Re: [freenet-dev] Beyond New Load Management: A proposal

2011-08-29 Thread Matthew Toseland
On Monday 29 Aug 2011 19:28:50 Ian Clarke wrote:
 Ok, thinking about it, here is a proposal, or  rather, the beginning of a
 proposal.  I'm assuming that we get rid of NLM, fair sharing, and anything
 else intended to control load, and replace it with this.  We will absolutely
 need to simulate this before we write a single line of code to deploy it.

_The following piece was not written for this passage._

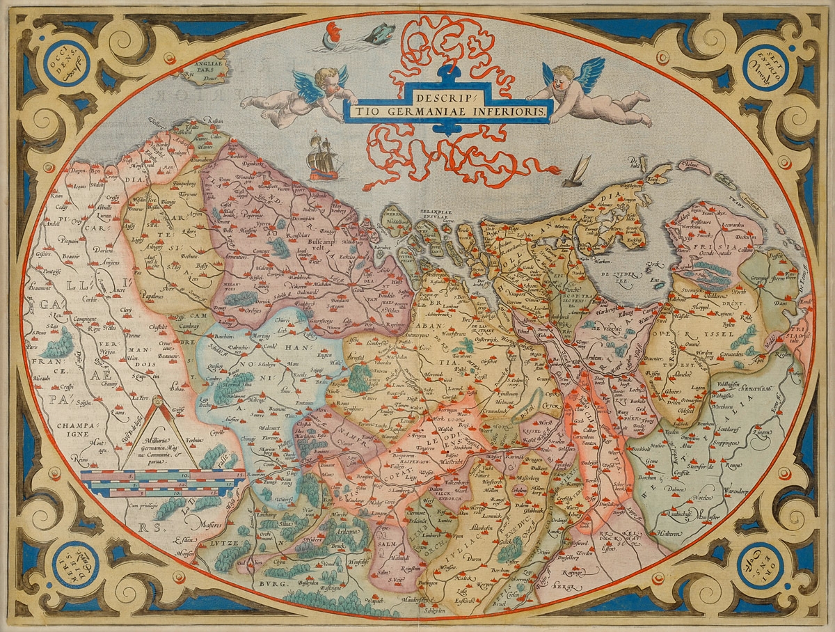 Sammlung von acht Kupferstich-Landkarten 17.- und 18. Jhdt. Handkoloriert. 64 x 78 cm (mit Rahmen) und etwas kleiner.

I have justified fair sharing in my other reply. However alternate mechanisms 
might replace it.

I agree we should simulate, although this might be significant work.
 
 The core idea is that a node will include a floating point number in
 response to any kind of request showing how close that node is to being
 overloaded.  0.0 would mean its doing nothing, 1.0 would mean that it is
 completely saturated and must reject requests.  Clearly the goal is to avoid
 getting anywhere near to 1.0.
 
 A node tracks several things:

All of these apply to both locally originated requests and remotely originated 
requests? And are they for only our direct peers?
 
- What is the overall average load reported by responses this node has
received
- What is the average load reported by responses this node has received,
per remote node
- What is the average load reported by responses this node forwarded, per
remote node

Ahhh, this one could be interesting - you could use it to penalise nodes which 
spam excessively.
 
 I think, given these metrics, we should be able to do the following:
 
- Limit our overall rate of initiating local requests based on the global
average reported load

We can already do this on the basis of AIMD's, based purely on behaviour of 
local requests. However, taking more data into account might result in more 
accurate results - although it might also dilute the feedback.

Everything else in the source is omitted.